Why OpenAI’s new model is such a big deal
I thought OpenAI’s GPT-4o, its leading model at the time, would be perfectly suited to help. I asked it to create a short wedding-themed poem, with the constraint that each letter could only appear a certain number of times so we could make sure teams would be able to reproduce it with the provided set of tiles. GPT-4o failed miserably. The model repeatedly insisted that its poem worked within the constraints, even though it didn’t. It would correctly count the letters only after the fact, while continuing to deliver poems that didn’t fit the prompt. Without the time to meticulously craft the verses by hand, we ditched the poem idea and instead challenged guests to memorize a series of shapes made from colored tiles. (That ended up being a total hit with our friends and family, who also competed in dodgeball, egg tosses, and capture the flag.)
However, last week OpenAI released a new model called o1 (previously referred to under the code name “Strawberry” and, before that, Q*) that blows GPT-4o out of the water for this type of purpose.
Unlike previous models that are well suited for language tasks like writing and editing, OpenAI o1 is focused on multistep “reasoning,” the type of process required for advanced mathematics, coding, or other STEM-based questions. It uses a “chain of thought” technique, according to OpenAI. “It learns to recognize and correct its mistakes. It learns to break down tricky steps into simpler ones. It learns to try a different approach when the current one isn’t working,” the company wrote in a blog post on its website.
OpenAI’s tests point to resounding success. The model ranks in the 89th percentile on questions from the competitive coding organization Codeforces and would be among the top 500 high school students in the USA Math Olympiad, which covers geometry, number theory, and other math topics. The model is also trained to answer PhD-level questions in subjects ranging from astrophysics to organic chemistry.

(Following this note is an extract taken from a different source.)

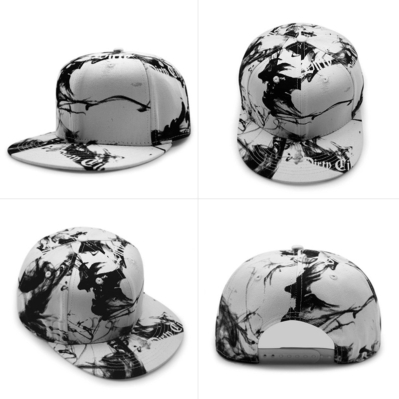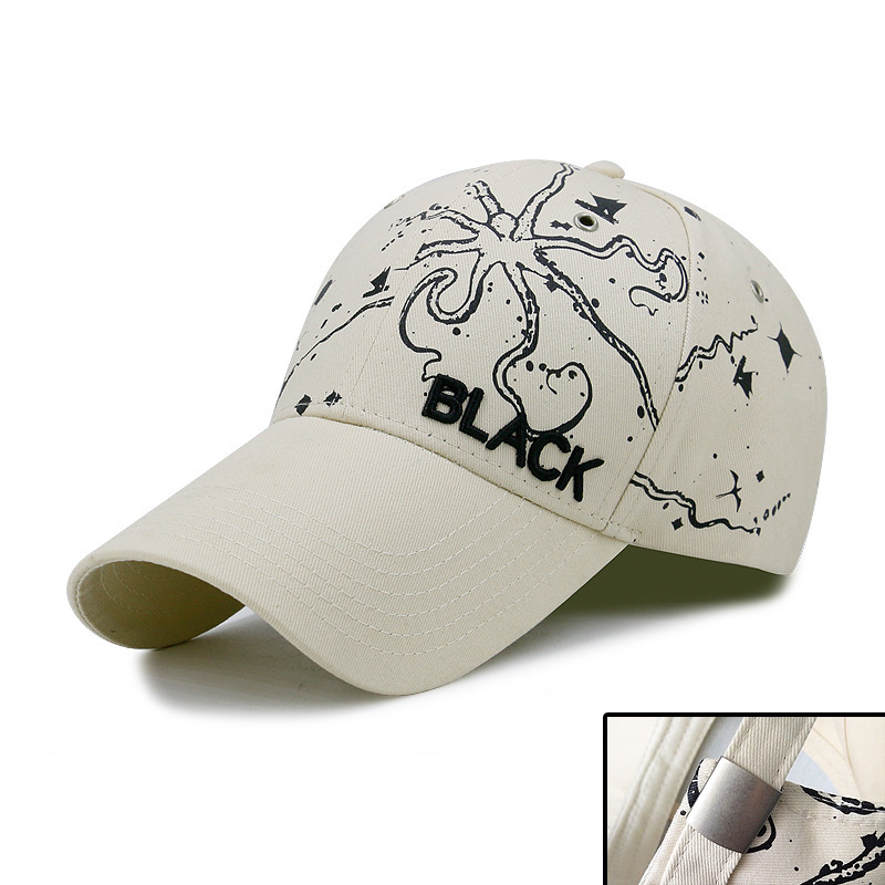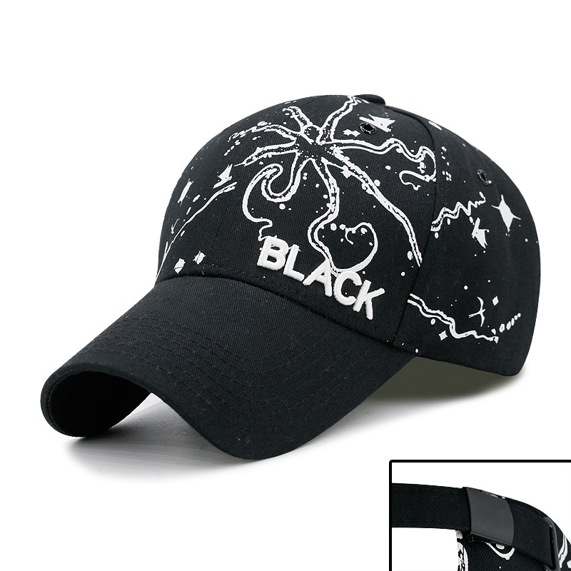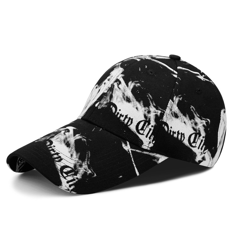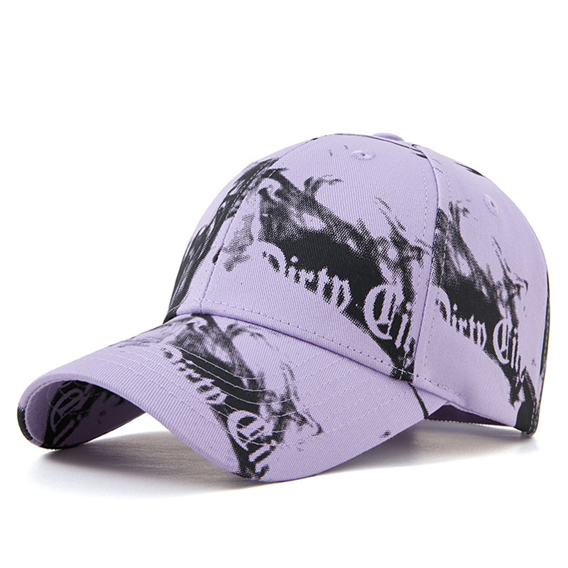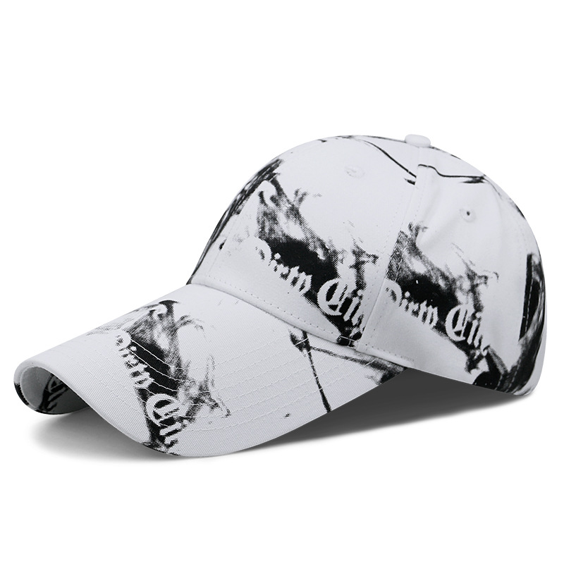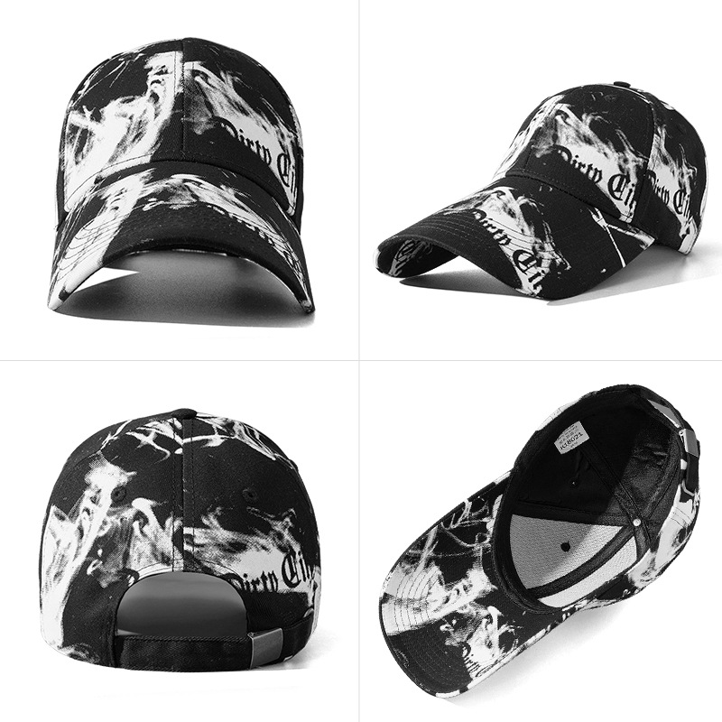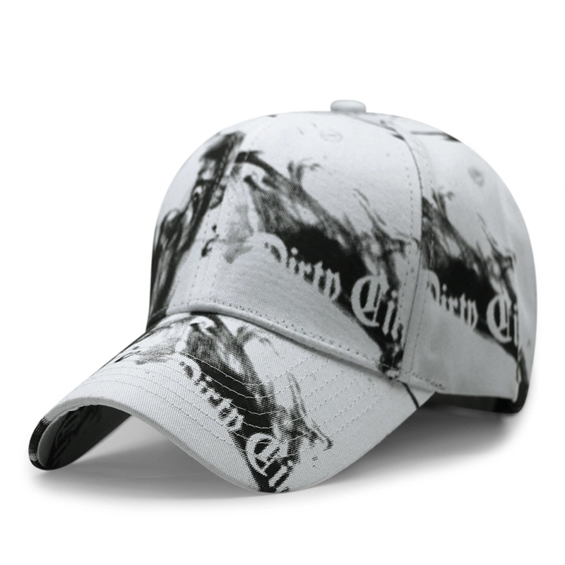 烟雾印花硬顶棉质棒球帽子男女韩版涂鸦长檐鸭舌帽休闲防晒遮阳帽

In math olympiad questions, the new model is 83.3% accurate, versus 13.4% for GPT-4o. In the PhD-level questions, it averaged 78% accuracy, compared with 69.7% from human experts and 56.1% from GPT-4o. (In light of these accomplishments, it’s unsurprising the new model was pretty good at writing a poem for our nuptial games, though still not perfect; it used more Ts and Ss than instructed to.)
So why does this matter? The bulk of LLM progress until now has been language-driven, resulting in chatbots or voice assistants that can interpret, analyze, and generate words. But in addition to getting lots of facts wrong, such LLMs have failed to demonstrate the types of skills required to solve important problems in fields like drug discovery, materials science, coding, or physics. OpenAI’s o1 is one of the first signs that LLMs might soon become genuinely helpful companions to human researchers in these fields.
It’s a big deal because it brings “chain-of-thought” reasoning in an AI model to a mass audience, says Matt Welsh, an AI researcher and founder of the LLM startup Fixie.
“The reasoning abilities are directly in the model, rather than one having to use separate tools to achieve similar results. My expectation is that it will raise the bar for what people expect AI models to be able to do,” Welsh says.